Assignment:
Only one span is wanted from the lines below: from the one with "14. Na de restart" up to and including the one with "ThreeBond 5222L is". Copy it exactly, without images.

Data for review:
[Start of Attachment]
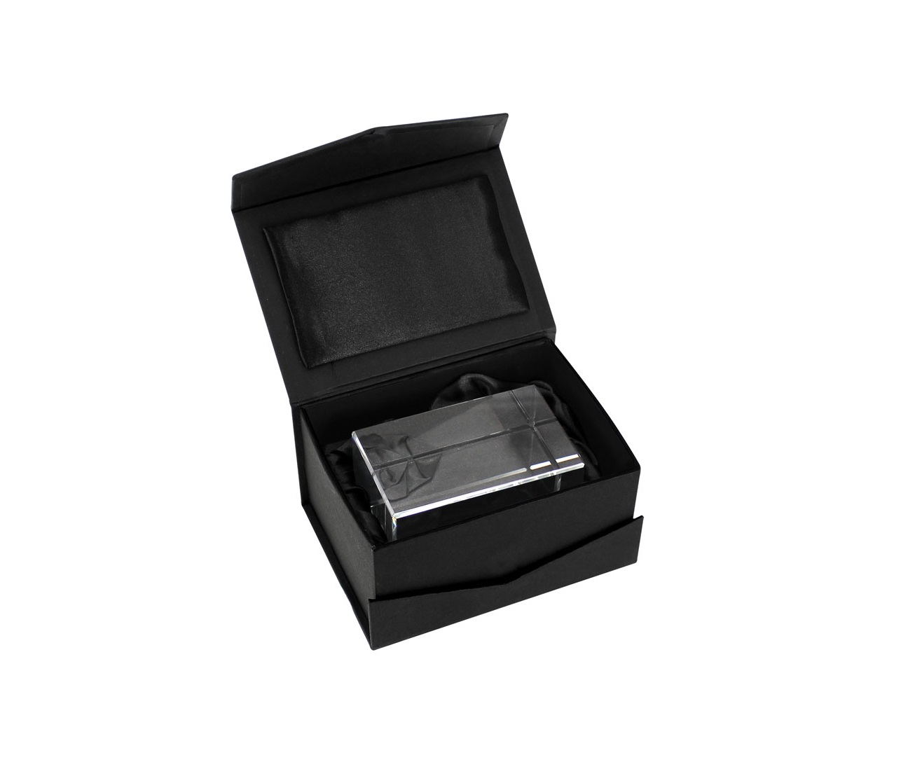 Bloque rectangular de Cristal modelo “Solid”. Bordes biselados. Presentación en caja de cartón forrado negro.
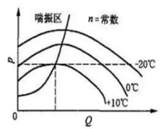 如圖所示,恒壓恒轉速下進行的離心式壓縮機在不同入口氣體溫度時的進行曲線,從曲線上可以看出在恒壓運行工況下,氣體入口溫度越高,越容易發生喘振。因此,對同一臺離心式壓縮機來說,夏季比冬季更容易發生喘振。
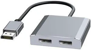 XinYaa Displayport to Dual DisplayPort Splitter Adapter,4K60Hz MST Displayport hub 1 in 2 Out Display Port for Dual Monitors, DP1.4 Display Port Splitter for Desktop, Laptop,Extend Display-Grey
[End of Attachment]
[Start of Attachment]
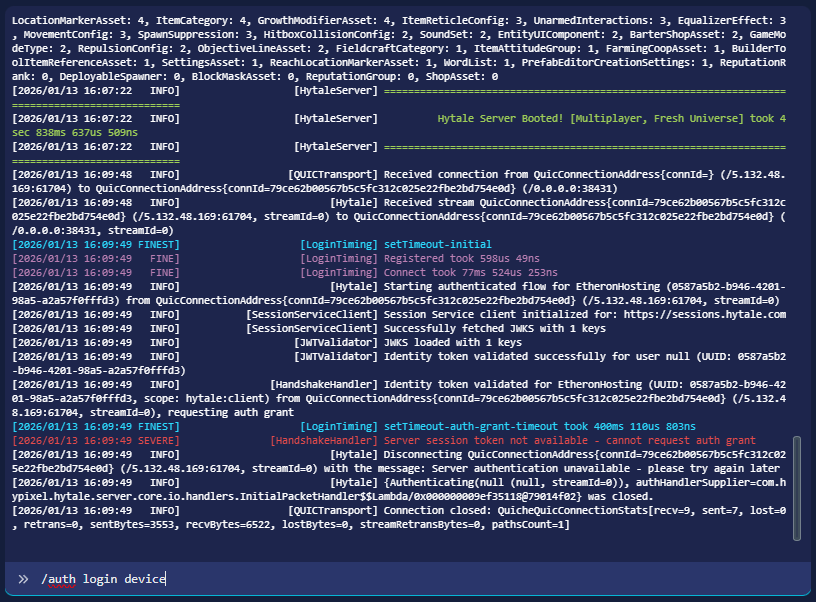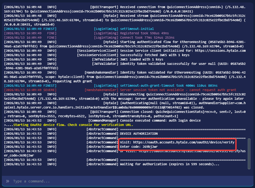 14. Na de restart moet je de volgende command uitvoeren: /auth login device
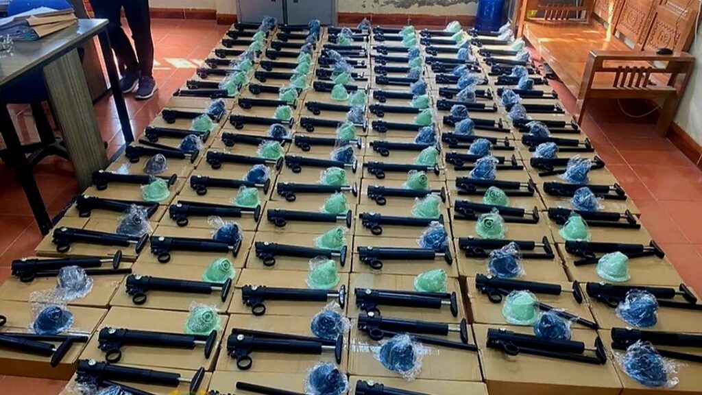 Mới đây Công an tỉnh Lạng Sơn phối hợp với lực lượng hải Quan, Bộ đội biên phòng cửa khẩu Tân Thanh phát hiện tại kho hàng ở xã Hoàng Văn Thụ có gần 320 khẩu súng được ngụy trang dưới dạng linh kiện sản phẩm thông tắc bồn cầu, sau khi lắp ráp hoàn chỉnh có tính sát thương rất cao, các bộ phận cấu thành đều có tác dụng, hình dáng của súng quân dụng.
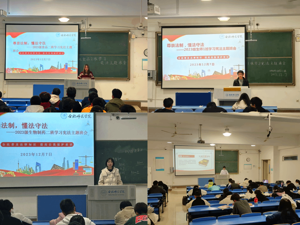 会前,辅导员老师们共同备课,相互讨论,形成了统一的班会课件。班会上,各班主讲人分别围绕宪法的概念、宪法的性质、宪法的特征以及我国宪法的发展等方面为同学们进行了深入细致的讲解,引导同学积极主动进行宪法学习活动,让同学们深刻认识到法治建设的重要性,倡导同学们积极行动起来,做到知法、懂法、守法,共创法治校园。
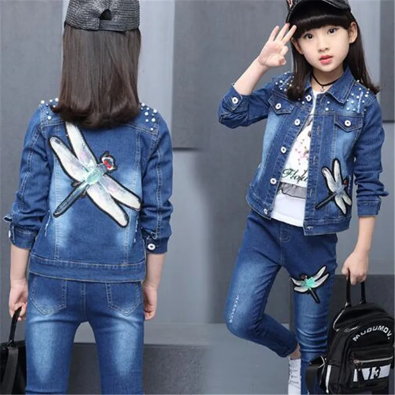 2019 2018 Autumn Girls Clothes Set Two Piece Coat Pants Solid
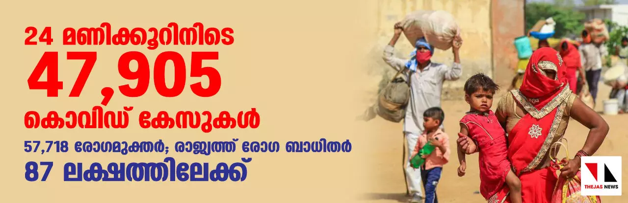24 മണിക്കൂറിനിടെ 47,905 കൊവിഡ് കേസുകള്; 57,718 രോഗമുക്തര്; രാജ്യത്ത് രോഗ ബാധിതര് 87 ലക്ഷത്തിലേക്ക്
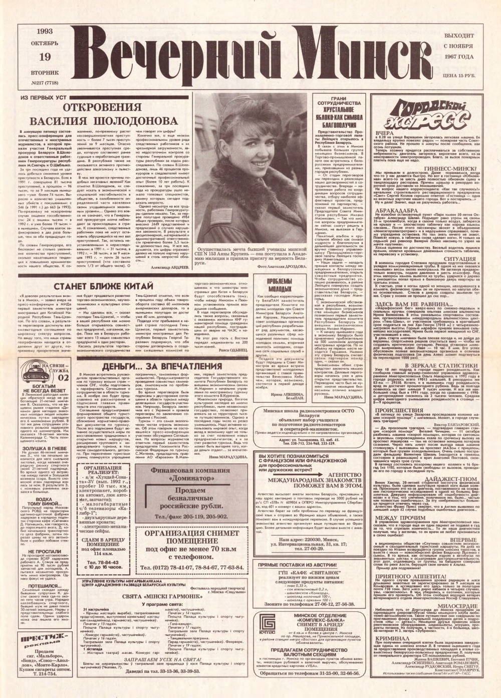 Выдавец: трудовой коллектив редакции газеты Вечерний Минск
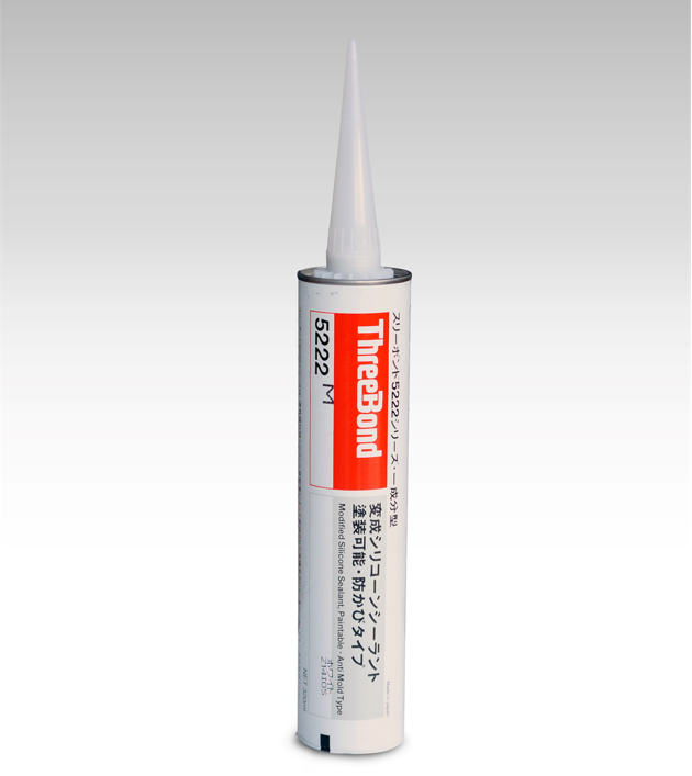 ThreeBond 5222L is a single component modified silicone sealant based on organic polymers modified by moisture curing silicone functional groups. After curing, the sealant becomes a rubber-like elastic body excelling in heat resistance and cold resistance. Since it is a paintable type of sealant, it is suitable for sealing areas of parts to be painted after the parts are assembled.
[End of Attachment]
Response box:
 14. Na de restart moet je de volgende command uitvoeren: /auth login device
 Mới đây Công an tỉnh Lạng Sơn phối hợp với lực lượng hải Quan, Bộ đội biên phòng cửa khẩu Tân Thanh phát hiện tại kho hàng ở xã Hoàng Văn Thụ có gần 320 khẩu súng được ngụy trang dưới dạng linh kiện sản phẩm thông tắc bồn cầu, sau khi lắp ráp hoàn chỉnh có tính sát thương rất cao, các bộ phận cấu thành đều có tác dụng, hình dáng của súng quân dụng.
 会前,辅导员老师们共同备课,相互讨论,形成了统一的班会课件。班会上,各班主讲人分别围绕宪法的概念、宪法的性质、宪法的特征以及我国宪法的发展等方面为同学们进行了深入细致的讲解,引导同学积极主动进行宪法学习活动,让同学们深刻认识到法治建设的重要性,倡导同学们积极行动起来,做到知法、懂法、守法,共创法治校园。
 2019 2018 Autumn Girls Clothes Set Two Piece Coat Pants Solid
24 മണിക്കൂറിനിടെ 47,905 കൊവിഡ് കേസുകള്; 57,718 രോഗമുക്തര്; രാജ്യത്ത് രോഗ ബാധിതര് 87 ലക്ഷത്തിലേക്ക്
 Выдавец: трудовой коллектив редакции газеты Вечерний Минск
 ThreeBond 5222L is a single component modified silicone sealant based on organic polymers modified by moisture curing silicone functional groups. After curing, the sealant becomes a rubber-like elastic body excelling in heat resistance and cold resistance. Since it is a paintable type of sealant, it is suitable for sealing areas of parts to be painted after the parts are assembled.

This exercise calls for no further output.